3.5 Node Formation and Firewall Weakening:

3.5.1 Eruptions from Φ: Externalization of the pre-spacetime geometry: At specific points (nodes) along the filaments, the universal scalar field Φ “erupts,” manifesting aspects of the underlying “Calabi-Yau-like” geometry. This is driven by a combination of filament instabilities, amplified quantum fluctuations, and resonance with the pre-spacetime structure.

3.5.2 Fractal Mechanism: Nodes as inherent features of the fractal geometry: The nodes are not random but are located at points determined by the fractal pattern of the filaments and the underlying pre-spacetime structure.

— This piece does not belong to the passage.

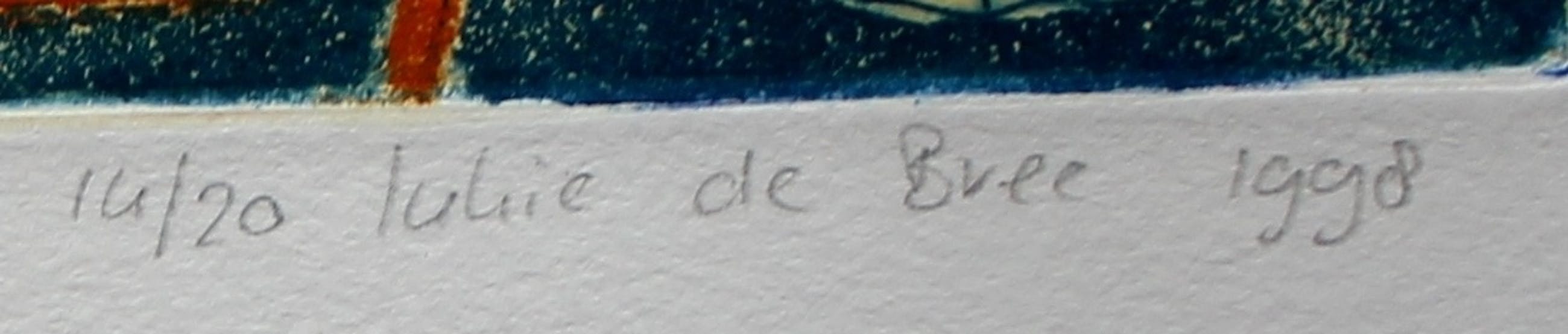 Zeefdruk van Lukie de Bree uit 1998. Nummer: 14/20. Afmetingen blad: H39 X b32. Afmetingen voorstelling: H25 X b20. Het werk is rechtsonder gesigneerd door de kunstenaar. De authenticiteitvan het aangeboden werk kan volledig worden gegarandeerd. Een certificaat van echtheid kan, op aanvraag worden gemaild. Herkomst: Collectie ABN AMRO.

3.5.3 Interaction with χ: How eruptions weaken the firewall: The eruptions disrupt the χ field, reducing its repulsive effect and allowing for increased (but limited) interaction between matter and antimatter.

3.6 The ‘Clock’:

The interaction of the filaments with these nodes is rhythmic, due to the underlying geometry. This provides a natural clock. The clock is not perfectly regular, but has a quasi-regularity.

3.7 The Collapse and Reshuffling:

3.7.1 Firewall Failure: Deterministic collapse triggered by node interactions: Repeated interactions at the nodes gradually weaken the firewall until it reaches a critical point and collapses.

3.7.2 Geometric Re-Separation: Persistence of the pre-spacetime structure guiding the re-formation of domains: The underlying “Calabi-Yau-like” structure survives the collapse and guides the re-segregation of matter and antimatter, preventing complete annihilation.

3.7.3 New Cycle Initiation: Resetting of the Φ field and re-establishment of the strong-weak-darkforce: The collapse resets the Φ field, and a new cycle of domain formation, expansion, and eventual collapse begins.

3.8 Quantum Mechanics:

• Superdeterminism with “Also-Rans”:
  • The properties of particles are predetermined within the superdeterministic framework of the model, guided by the pre-spacetime structure and the scalar fields. There is only one set of values that you could ever get for a particular measurement.
  • However, there are other properties that you could measure, which are not predetermined. These properties are the “also-rans” – they exist as possibilities within the quantum wavefunction but do not manifest in our spacetime.
  • When you perform a measurement, there is no wave collapse in the traditional sense. Instead, you “collapse” the deception, revealing the predetermined properties and exposing the “also-rans” as mere possibilities.
• Non-Locality:
  • Even with the concept of predetermined properties and “also-rans,” the framework can still accommodate non-locality due to the leakage of the strong-weak-darkforce.
  • This non-local leakage could influence the “also-rans,” the non-predetermined properties that exist as possibilities within the quantum wavefunction. The leakage could alter the probabilities of these “also-rans” manifesting in different regions of spacetime, leading to non-local correlations.

3.9 Bell’s Theorem:

• Violation of Bell’s Inequality: The combination of superdeterminism and non-locality in this framework could explain the violation of Bell’s inequality without resorting to retrocausality. The non-local correlations between entangled particles could be due to the influence of the leakage on the “also-rans.”
• No Measurement Problem: This interpretation avoids the measurement problem, as there is no collapse of the wavefunction in the traditional sense. The act of measurement simply reveals the predetermined properties and the “also-rans.”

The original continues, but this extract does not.